Too few risks are identified, too many are managed

We don’t want to know what can go wrong

When I’m looking at a risk management implementation from an audit point of view, I often worry about two fundamentally opposite problems. On the one hand, I note that quite often the risk identification exercise is not conducted to ensure completeness. Often heard excuses are: “we don’t have the time” or “getting all the risks captured is not really relevant, now is it?” However, incomplete risk identification can lead to fundamental errors in judgment on priorities because not all the risks that may impact that judgment are known nor understood.

When we know what can go wrong, we assume it will go wrong

A second, almost opposite risk, is the attempt to manage too many of the identified risks. First, as stated in a number of prior posts, risks ideally should be managed by those responsible for the processes in which they can occur, the process owners. However, process owners may become overwhelmed by the perceived exposure to the multitude of risks identified.

Let’s be very clear. It is not by ignoring the risks because we refuse to spend time identifying and understanding them, that we will optimize the work of the process owner because he is exposed to less perceived risks.

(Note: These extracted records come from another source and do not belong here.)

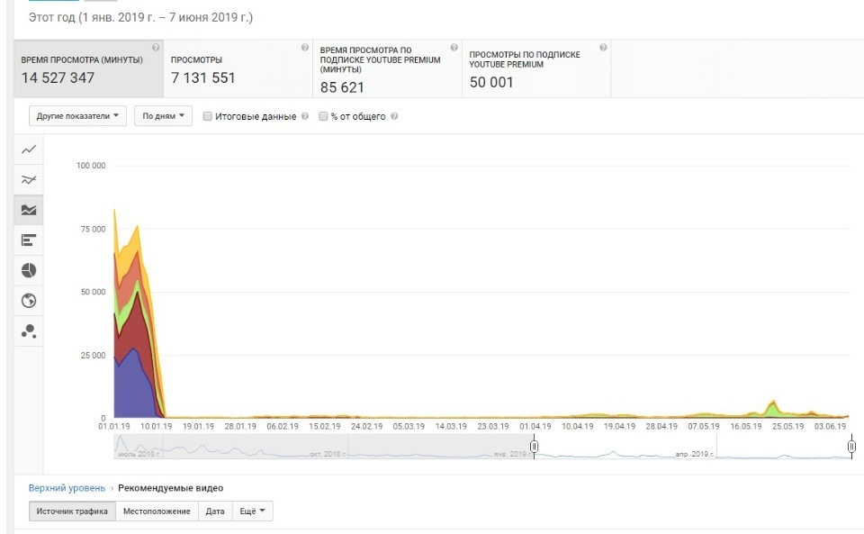 Это не скакнуло в начале - это был обычный процент траффика с Рекомендуемых - мин 70 %, который держался стабильно все 4 года существования канала.
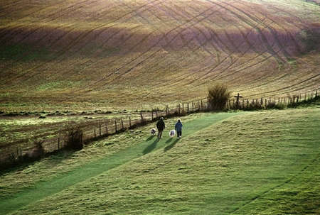 walkers with dogs. the ridgeway path. pitstone hill.
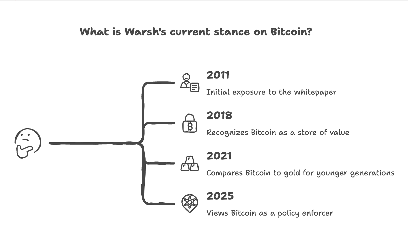 His public statements track with this. In 2011, Warsh saw the Bitcoin whitepaper at a dinner hosted by Marc Andreessen. In 2018, he wrote in The Wall Street Journal that Bitcoin could become a sustainable store of value similar to gold. In 2021, he stated on CNBC that Bitcoin is the new gold for those under 40. And in 2025, at the Hoover Institution, he provided his most comprehensive statement to date: Bitcoin is not a replacement for the dollar, but it can serve as an excellent policeman of monetary policy. I wouldn’t call Warsh a Bitcoin maximalist. A monetary policy professional who treats Bitcoin as a legitimate signal of the dollar's health may, in some ways, be more useful to the industry.
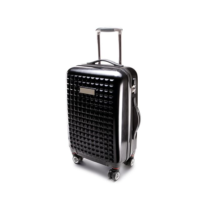 Valise trolley taille cabine en polycarbonate très haute qualité, 4 roues doubles, design exclusif, divers rangements à l'intérieur, fermeture sur le côté cadenassée. Possibilité de personnalisation sur plaque en métal amovible.
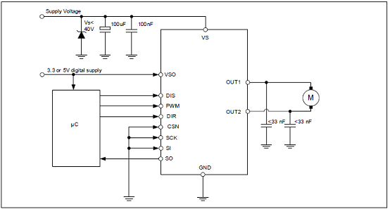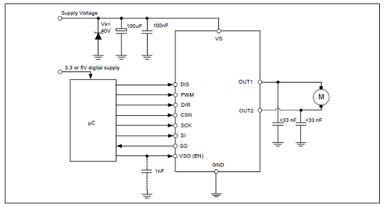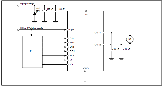 圖2.IFX9201SG帶SPI接口的H橋應(yīng)用電路圖
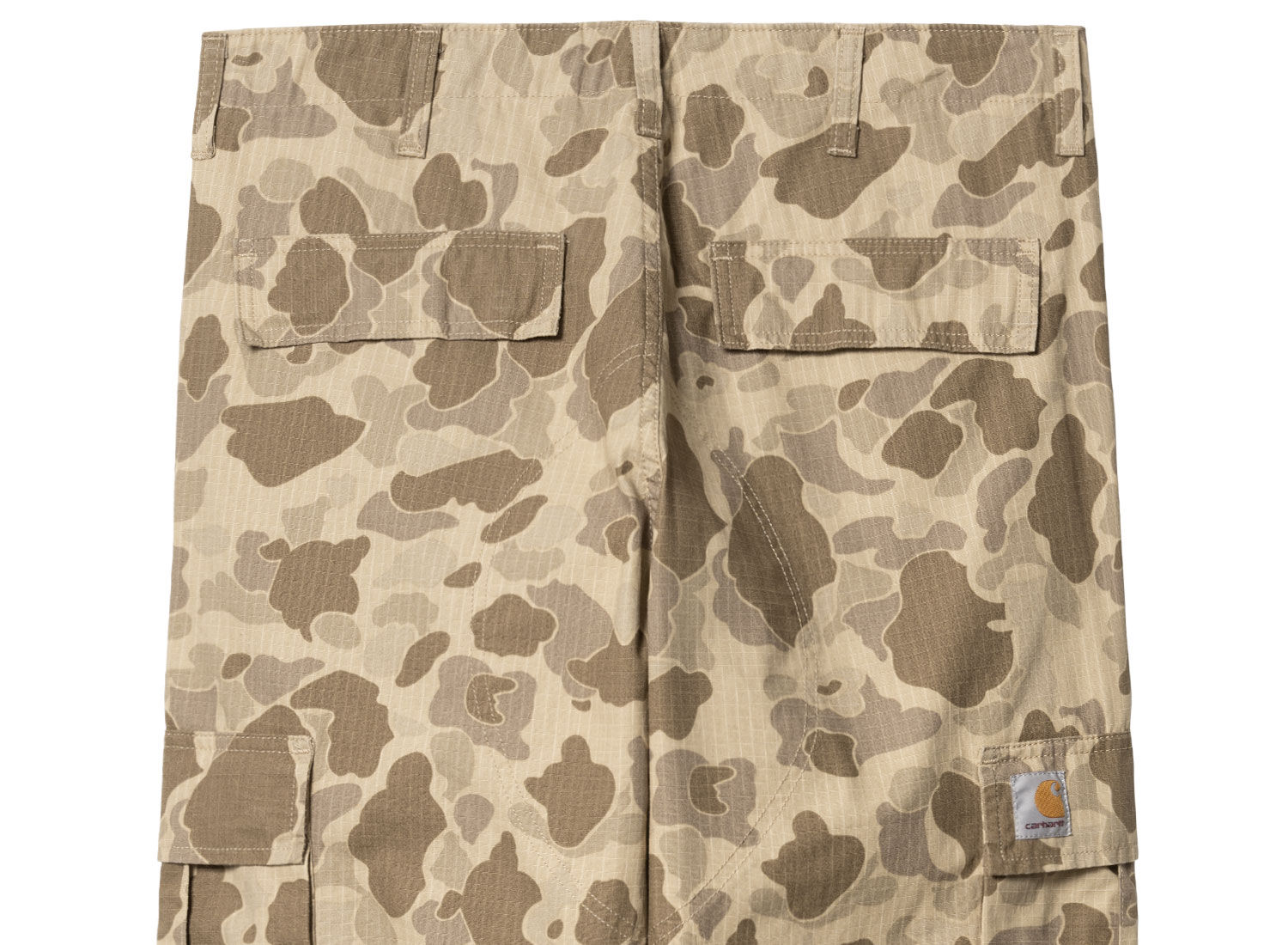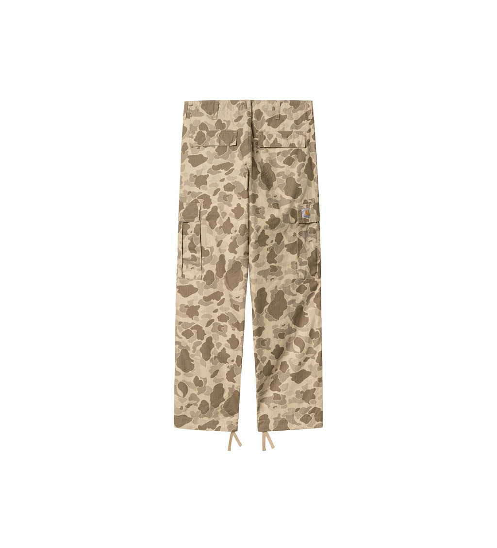 The Duck Cargo Pant is made from midweight cotton ripstop featuring an allover camouflage print, and has been garment-dyed for a softer feel and complex color configuration. The style is cut in a regular fit with a low waist and features double-layer knees. Multiple pockets nod to the garment's military-style influences, and adjustable leg openings allow for an adaptable fit. A woven Square Label completes the design.

No, we create an illusion that all will be fine if only the identified risks are managed.

However, I have seen instances where the process owner or the risk manager tried to manage too many risks. Risk management then becomes a priority over actually achieving the objectives. In those situations, the tool has become dominant over the purpose it was aimed to achieve, i.e. allowing the process owners to better achieve their objectives.

Key tools to optimize risk exposure

There are three important tools that can be used to mitigate these problems. Two of these are real tools to be used by the process owners, while one is a decision process conducted by management. Let’s explore them a bit more in detail.

Risk trigger lists

Risk trigger lists are lists of potential risks that can occur in specific activities, processes, divisions or organisations. I’ve even seen instances where a risk trigger list had been developed for a sector. A process owner can review the risk trigger list on a regular basis to ascertain he has a complete view of what is likely to go wrong in his area of responsibility. The risk trigger list aids the process owner in improving the degree of completeness in risk identification.

Root cause analysis

A root cause analysis allows a process owner or a group of process owners to assess how different identified risks (by means of the risk trigger lists) can impact one another. While the analysis of the interdependency between risks is interesting in its own right, the purpose of the exercise is to identify the minimal number of risks that need to be managed to optimize risk exposure. If information about costs of risk management measures is included, this tool can be used to assess the expected total cost of mitigating the risks to the optimal exposure level.

Risk management trade-off decision taking

As process owners go around identifying and understanding risks (by means of the risk trigger lists) and developing plans to reduce their exposure to optimal levels, management will be confronted with a multitude of calls for means. The call for means will likely be significantly higher than the number of available people or experts and budgets. Management cannot cover all of these needs. Management will need to make choices and assume responsibility for those choices. It is the responsibility of the process owners to indicate his needs to optimally achieve his assigned objectives. If he needs more means to optimize his exposure, and management cannot give him access to these means, he needs to be able to show his due diligent behavior.

In conclusion

By combining these three elements, an organization will know which risks it is exposed to, how to best deal with those risks in order to optimize its exposure and it will have made choices based on available means. This is due diligent behavior by both managers and process owners.